Numerical Investigations of Laminar Air Flow and Heat Transfer Characteristics in a Square Channel Inserted with Discrete X-V Baffles (XVB)

Thermal performance enhancement in a square channel heat exchanger (HX) using a passive technique is presented. Vortex turbulator insertion in a square channel HX as a passive technique is selected for thermal improvement. The vortex turbulator of interest is discrete X-V baffles (XVB). The discrete XVBs are inserted in the square channel with the main aim of generating vortex flow. The vortex flow generated can support the enhanced convective heat transfer coefficient and also enhance HX performance.

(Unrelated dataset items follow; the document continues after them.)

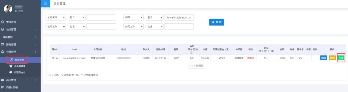 1,在OEM超级管理后台-会员管理里, 搜到要充值的账户,点击充值按钮。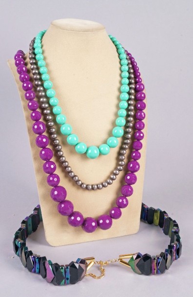 LOT DE TROIS COLLIERS et UNE CEINTURE en bakélite et métal argenté.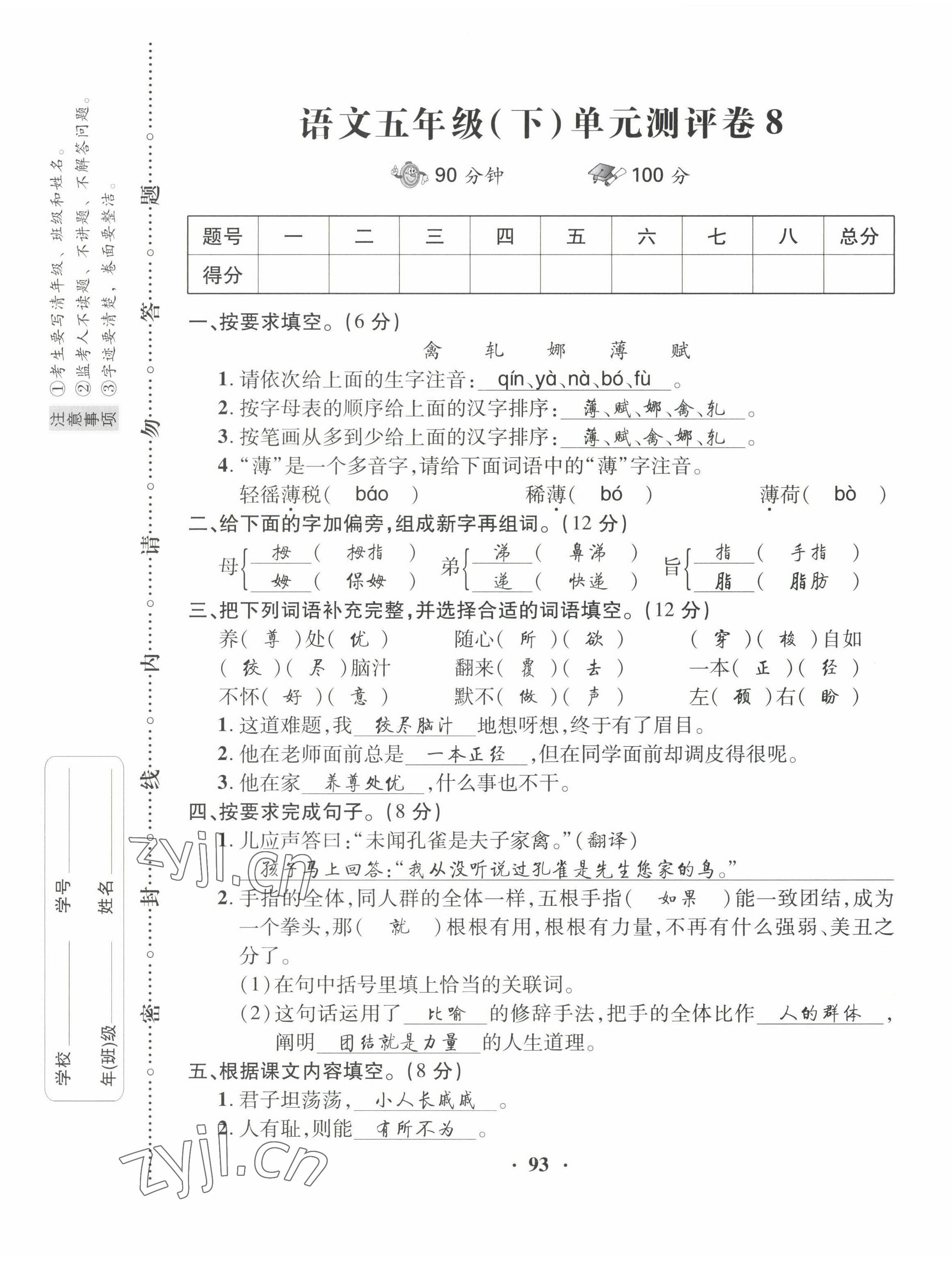 - 参考答案第8页

Effects of baffle configuration (type A and B), baffle size (w/H = 0.05, 0.10, 0.15 and 0.20), baffle distance (e/H = 1, 1.5 and 2) and flow direction (+/- x air flow paths) on fluid flow and thermal topologies are numerically investigated by using a commercial code. As shown by the numerical results, the predicted flow configuration with the discrete XVB insertions, which include impinging and vortex streams, is found through the HX channel. The perturbing thermal boundary layer and greater air blending are also found through the HX channel inserted with the discrete XVB. These mechanisms promote and augment the convection heat transfer coefficient, heat transfer rate and rise thermal potentiality. The maximum Nusselt number of the channel with the baffles inserted is 11.01 times upper than that of the smooth channel, while the greatest thermal performance factor (TPF) is observed to be around 3.45.